Original Atkins was also free of the Atkins corporation which had not been started yet. Later Atkins books feature recipes calling for Atkins brand ingredients, some of which are no longer made, others which are not available in all areas.

I am troubled how the current Atkins products brag about their low ‘sugar carbs’ on their labels. We don’t count ‘sugar carbs’ on Original Atkins but carbs. They also talk about their protein content and never mention fat. Well, a corporation is a life form that lives to sell product. We can’t expect it to do anything that would hurt sales.

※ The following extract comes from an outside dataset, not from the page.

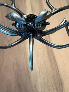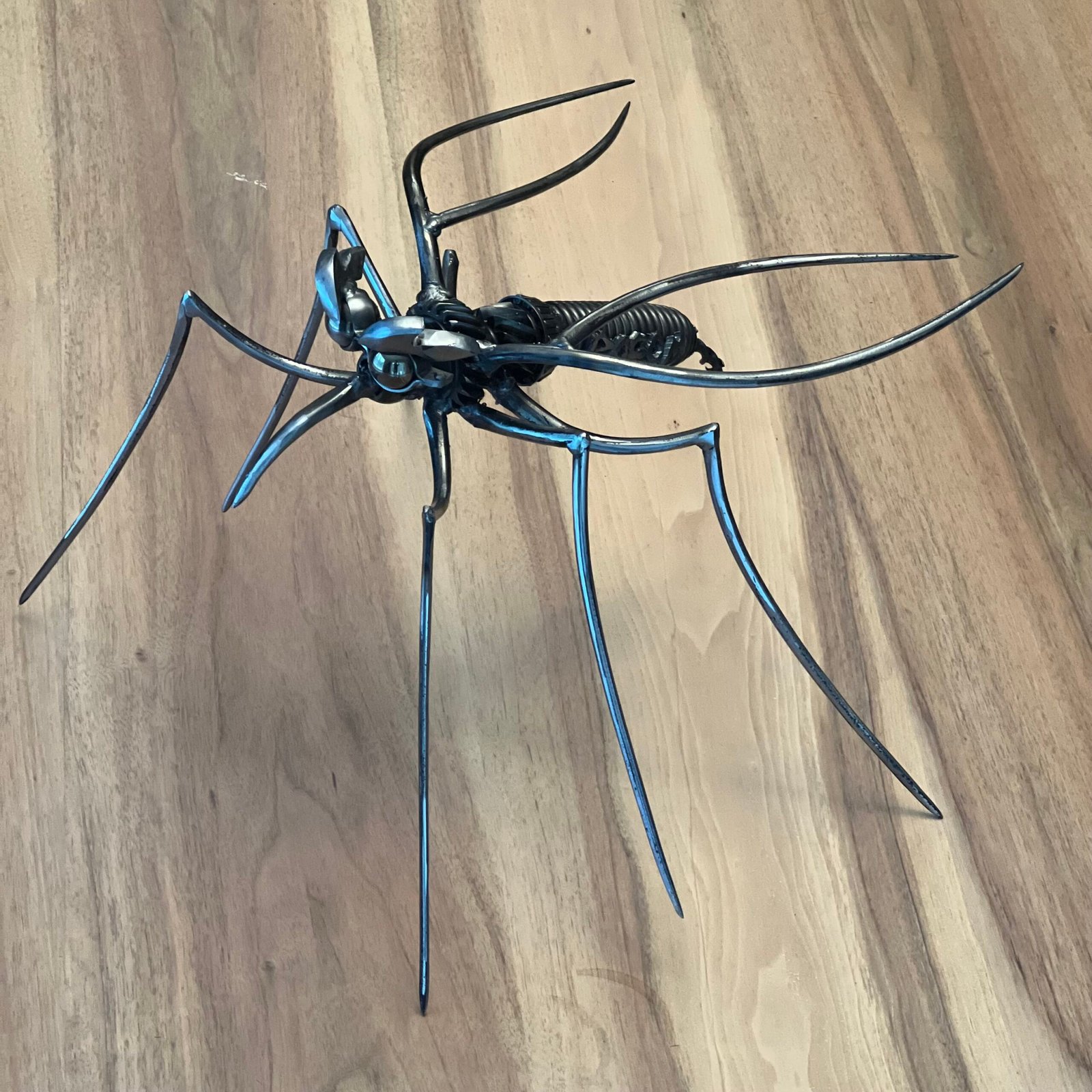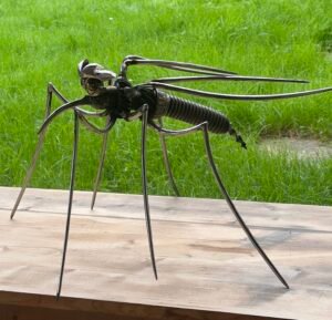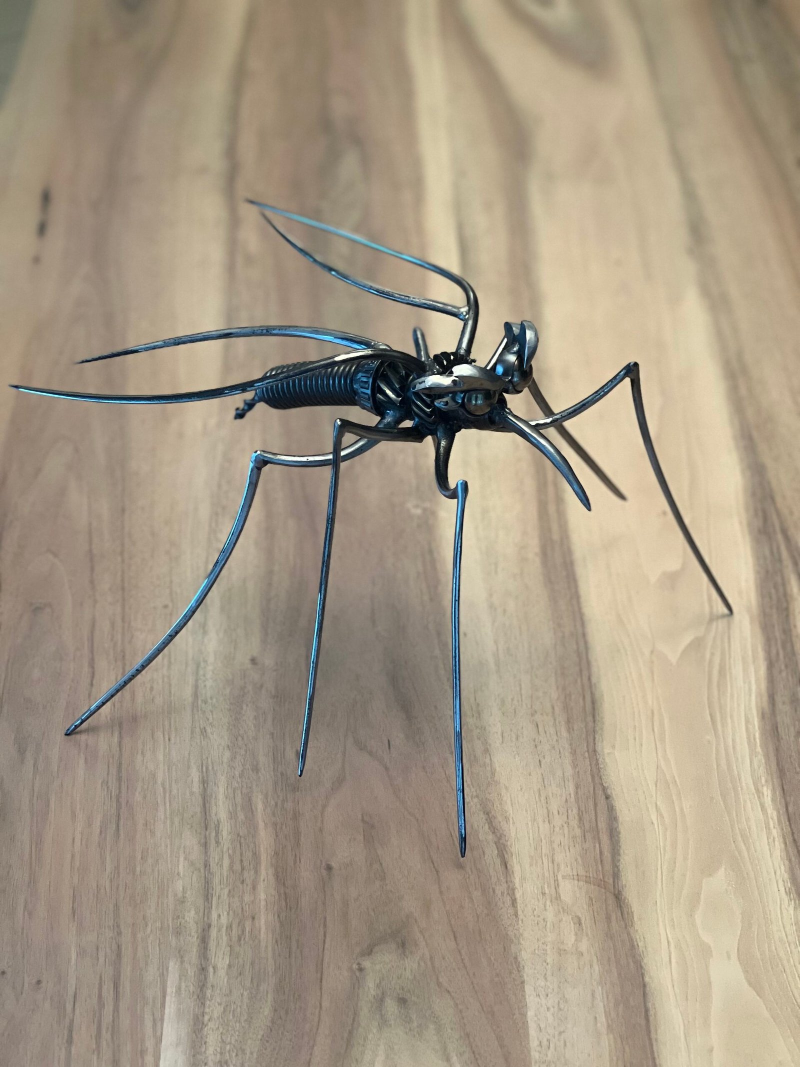 Le moustique métallique se déploie avec une grâce géométrique, ses lignes fines dessinant un équilibre parfait entre force et légèreté.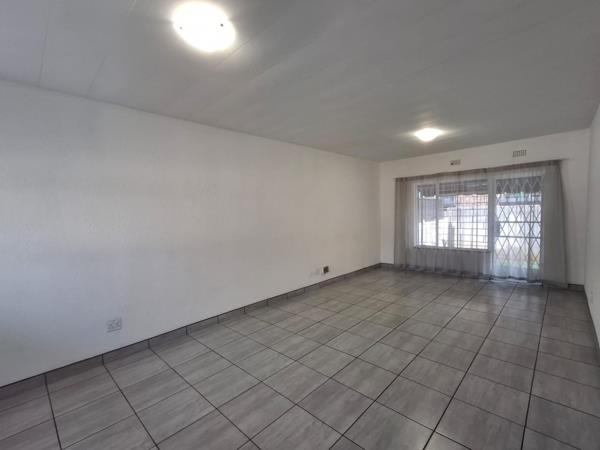 The open-plan dining room and lounge are light-filled and inviting, with sleek tiled floors and a charming French glass door that opens onto a private tiled patio overlooking a neat, pet-friendly garden the perfect space to relax or entertain.

Another difference is that Later Atkins has you counting ‘net carbs.’ This tends to reward people for eating high fiber foods. In Original Atkins you just counted carbs, and so you couldn’t exactly chomp down two heads of lettuce at a meal, or use a high fiber ‘low-carb baking mix’ that can cause painful constipation.

Original Atkins is not perfect. Aimed at weight loss only, it has multiple levels that by the time you hit Maintainance, have you out of ketosis altogether. Not good if you need ketosis to help you deal with your arthritis, diabetes, autism spectrum disorder or depression on an ongoing basis.

The solution to that is to be smart. Don’t get caught up in a cycle of going up levels to add back more carbs, and lose the benefits of being in ketosis.

As you learn more about low-carb/keto, you may tweak your practice to incorporate your new knowledge. I no longer use canola oil, for example. And I’ve learned to enjoy some zero-carb foods, like pork chops, that I never used to like. I’m also crazy for chicken thighs, because they are cheaper than wings, taste great, and I can make bone broth from the bones.